INDIANAPOLIS — Retaliation comes at a price, and the true cost for the Heat will be totaled up by late Thursday.
Miami will be without Udonis Haslem, whose foul on Tyler Hansbrough was upgraded to level two and the league office tacked on a one-game suspension to boot. Hansbrough wasn’t suspended for his hard foul moments earlier on Dwyane Wade, and truthfully, the league didn’t see any malice by the Pacer forward. But Haslem’s hit was clearly a payback, and the intent, therefore, was judged just as damaging than the actual foul.
That’s why Dexter Pittman was suspended (three games, and he probably got off light) for clubbing Lance Stephenson and then winking about it. As if the vicious foul wasn’t enough, Pittman went after Stephenson because the Pacer reserve gave the choke signal to LeBron James. Once again, the intent, as well as the foul, carried equal weight.
Because Pittman is a benchwarmer who seldom sees any light anyway, the loss of Haslem is where Miami could feel a pinch. Coincidently, Game 6 is at Bankers Life, where Haslem dropped four critical jumpers late in the fourth quarter of Game 4, which tilted the series in Miami’s favor. Since the Heat’s supporting cast isn’t especially deep, and because Haslem has scored 24 points the last two games, this could be a price that proves too difficult to overcome, unless someone else steps forward for Miami.
While this was a bad reflection on Haslem and Pittman, it also wasn’t the finest hour for the officiating crew that worked the game. Neither Haslem or Pittman were ejected, and while rough play sometimes slips by the refs, these two should’ve been obvious. Especially if the refs took into account the bad blood between Stephenson and the Heat (Juwan Howard confronted Stephenson prior to Game 4) and the Hansbrough hit on Wade, which they didn’t.

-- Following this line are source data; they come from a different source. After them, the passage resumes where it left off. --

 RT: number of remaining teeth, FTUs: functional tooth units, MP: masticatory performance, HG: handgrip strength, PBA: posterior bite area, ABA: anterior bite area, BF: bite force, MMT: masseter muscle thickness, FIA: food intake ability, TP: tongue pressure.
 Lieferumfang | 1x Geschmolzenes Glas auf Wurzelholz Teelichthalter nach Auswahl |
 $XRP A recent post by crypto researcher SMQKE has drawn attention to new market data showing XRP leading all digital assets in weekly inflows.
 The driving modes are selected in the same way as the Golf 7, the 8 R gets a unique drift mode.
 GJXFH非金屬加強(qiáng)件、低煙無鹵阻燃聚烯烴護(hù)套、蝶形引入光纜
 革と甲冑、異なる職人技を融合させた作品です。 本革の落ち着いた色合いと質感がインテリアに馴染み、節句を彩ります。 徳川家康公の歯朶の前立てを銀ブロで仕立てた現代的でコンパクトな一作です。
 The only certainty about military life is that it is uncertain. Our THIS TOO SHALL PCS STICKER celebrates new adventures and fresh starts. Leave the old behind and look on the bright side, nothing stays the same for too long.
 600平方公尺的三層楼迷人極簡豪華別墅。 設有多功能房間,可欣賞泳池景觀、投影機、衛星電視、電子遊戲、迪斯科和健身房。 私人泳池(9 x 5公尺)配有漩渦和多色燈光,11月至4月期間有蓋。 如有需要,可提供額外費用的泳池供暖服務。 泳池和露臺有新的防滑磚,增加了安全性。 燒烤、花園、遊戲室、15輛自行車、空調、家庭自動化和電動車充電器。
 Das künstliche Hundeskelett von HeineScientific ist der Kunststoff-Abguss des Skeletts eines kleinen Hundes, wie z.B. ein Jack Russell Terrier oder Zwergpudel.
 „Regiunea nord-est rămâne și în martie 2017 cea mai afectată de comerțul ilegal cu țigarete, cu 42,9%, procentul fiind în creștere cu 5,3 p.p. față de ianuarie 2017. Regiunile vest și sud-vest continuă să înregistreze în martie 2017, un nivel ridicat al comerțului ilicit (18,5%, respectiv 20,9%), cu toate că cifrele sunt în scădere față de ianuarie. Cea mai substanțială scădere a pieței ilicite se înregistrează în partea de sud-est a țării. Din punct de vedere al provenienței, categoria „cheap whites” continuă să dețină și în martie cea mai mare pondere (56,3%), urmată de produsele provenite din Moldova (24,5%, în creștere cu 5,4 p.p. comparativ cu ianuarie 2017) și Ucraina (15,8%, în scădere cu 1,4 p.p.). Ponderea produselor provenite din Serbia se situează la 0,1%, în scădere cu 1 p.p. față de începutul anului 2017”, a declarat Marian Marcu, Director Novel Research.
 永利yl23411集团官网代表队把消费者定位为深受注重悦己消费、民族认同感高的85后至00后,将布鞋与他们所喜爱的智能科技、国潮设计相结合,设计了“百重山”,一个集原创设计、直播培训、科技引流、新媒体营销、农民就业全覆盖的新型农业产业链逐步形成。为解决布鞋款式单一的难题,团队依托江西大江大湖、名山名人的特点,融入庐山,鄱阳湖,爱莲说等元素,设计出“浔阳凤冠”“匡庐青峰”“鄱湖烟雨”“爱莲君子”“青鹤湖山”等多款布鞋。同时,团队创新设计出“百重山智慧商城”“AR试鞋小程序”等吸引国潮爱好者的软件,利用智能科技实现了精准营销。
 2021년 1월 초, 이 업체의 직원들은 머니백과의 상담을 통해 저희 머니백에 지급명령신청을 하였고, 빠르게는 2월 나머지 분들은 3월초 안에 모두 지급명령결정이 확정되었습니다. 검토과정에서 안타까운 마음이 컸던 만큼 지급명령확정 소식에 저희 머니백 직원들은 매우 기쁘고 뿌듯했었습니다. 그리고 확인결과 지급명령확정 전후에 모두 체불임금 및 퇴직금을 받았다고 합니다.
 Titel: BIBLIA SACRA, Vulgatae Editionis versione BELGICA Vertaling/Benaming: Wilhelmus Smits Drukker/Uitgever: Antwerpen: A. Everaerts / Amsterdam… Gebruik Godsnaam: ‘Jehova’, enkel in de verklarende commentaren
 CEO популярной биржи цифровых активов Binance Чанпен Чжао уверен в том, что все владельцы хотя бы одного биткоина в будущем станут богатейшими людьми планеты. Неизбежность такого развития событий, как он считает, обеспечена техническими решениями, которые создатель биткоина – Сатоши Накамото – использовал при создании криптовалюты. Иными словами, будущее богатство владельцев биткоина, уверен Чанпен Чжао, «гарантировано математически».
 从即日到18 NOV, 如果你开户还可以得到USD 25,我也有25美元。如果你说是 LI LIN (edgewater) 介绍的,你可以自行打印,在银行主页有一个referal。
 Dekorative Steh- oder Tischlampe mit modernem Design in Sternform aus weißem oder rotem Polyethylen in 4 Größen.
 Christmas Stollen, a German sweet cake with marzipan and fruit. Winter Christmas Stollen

“It looked like the wild wild West out there,” said the Pacers’ Danny Granger, and you wonder if both teams got the message and are ready to settle things on the court, especially after Pacers president Larry Bird called his team “soft.” Well, the only thing “soft” was the punishment for Pittman, who should’ve received twice the suspension.
Playoff basketball is laced with hard fouls, which is understandable, but for a few minutes, this series had gotten out of hand. You can blame it on Granger’s tough-guy act that began to wear on James and Wade. Or go back further and cite Pacers coach Frank Vogel calling the Heat a bunch of floppers. Regardless, this isn’t the time for any team to resort to ugly basketball when talent should deliver the punch instead.
The best way to answer a tough foul is with a scoring binge or a crucial defensive stop. Leave the goons to hockey and the beaning to baseball, where that stuff is accepted.